Conducting a hypothesis test for each event type to assess whether there is a difference in average total damage when comparing disasters that happened before the reform to those that happened after and keeping only the event types that result in a significant difference (using a significance threshold of $\alpha=0.01$).

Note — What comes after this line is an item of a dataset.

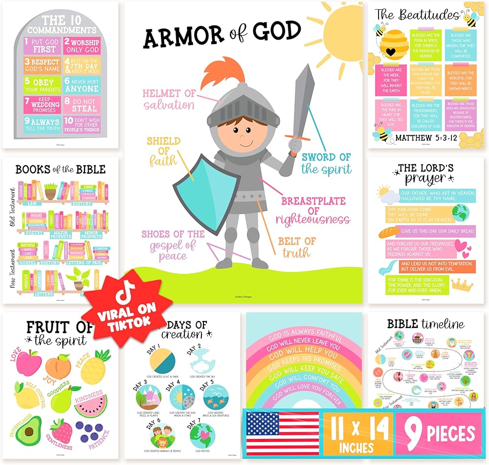 Inspire A Lifelong Love Of God's Word; You'll receive nine different 11x14 inch Bible posters, so you can easily ignite a passion for God's teachings, Use as religious posters for church or Sunday school posters for kids classroom

Since it is likely that not all events that have happened in the US are present in this dataset, we can interpret the data as being a sample (conducting hypothesis tests on population data would not make sense).

**Note:** The events that do not have associated events either before or after the the Post-Katrina Emergency Management Act of 2006 are ignored (since a $t$ - test won't be possible). 

In [None]:
df["POST_ACT"] = df["BEGIN_YEAR"] > 2006

def test_differences(df):
    """
    Conducts a t-test on TOTAL_DAMAGES comparing events
    that happened in 2006 or before with events that
    happenned after that year.
    
    Inputs:
    `df`: A pandas DataFrame
    
    Outputs:
    `p_values_signif`: A Python dictionary in which the keys are the event type
    and the values are the significant p-values that resulted from the t-test (alpha
    of 0.01)
    
    Note: If an event type does not have associated events either before or
    after the act, ignore it and don't add it to the dictionary (since a t-test
    won't be possible)
    """
      
    pre_dam = df[df["POST_ACT"]==False][["EVENT_TYPE", "TOTAL_DAMAGE_DEFLATED"]].dropna(how="any")
    post_dam = df[df["POST_ACT"]==True][["EVENT_TYPE", "TOTAL_DAMAGE_DEFLATED"]].dropna(how="any")
    
    # YOUR CODE HERE
    
    #dict to add keys produced by ttest of pre_dam and post_dam event types and p-values
    p_values_signif = {}
    
    #variable identifying unique storm event values in df
    list_of_unique_events = df['EVENT_TYPE'].unique()
    
    # creating list of pre/post dam TOTAL_DAMAGE_DEFLATED by event
    for i in list_of_unique_events:
        pre_dam_unique = pre_dam[pre_dam['EVENT_TYPE']==i].TOTAL_DAMAGE_DEFLATED
        post_dam_unique = post_dam[post_dam['EVENT_TYPE']==i].TOTAL_DAMAGE_DEFLATED
        
        #filtering out events not associated with pre/post dam events to run t-test
        if (len(pre_dam_unique)==0) or (len(post_dam_unique)==0):
            continue
        
        #perform t-test of unique events in pre/post dam df
        else:    
            ttest = pg.ttest(pre_dam_unique, post_dam_unique)
            p = ttest['p-val'].item()
            alpha =  p <= 0.01
            if alpha == True:
                p_values_signif[i] = p #adds keys to dict if p-value is not above alpha
    
    return p_values_signif
test_differences(df)

Plotting significant event types and their total deflated damages as box plots, comparing the pre-Act events with the post-Act events.

In [None]:
#Plotly box plot - comparing post-act and pre-act 
#total deflated damages for significant event types.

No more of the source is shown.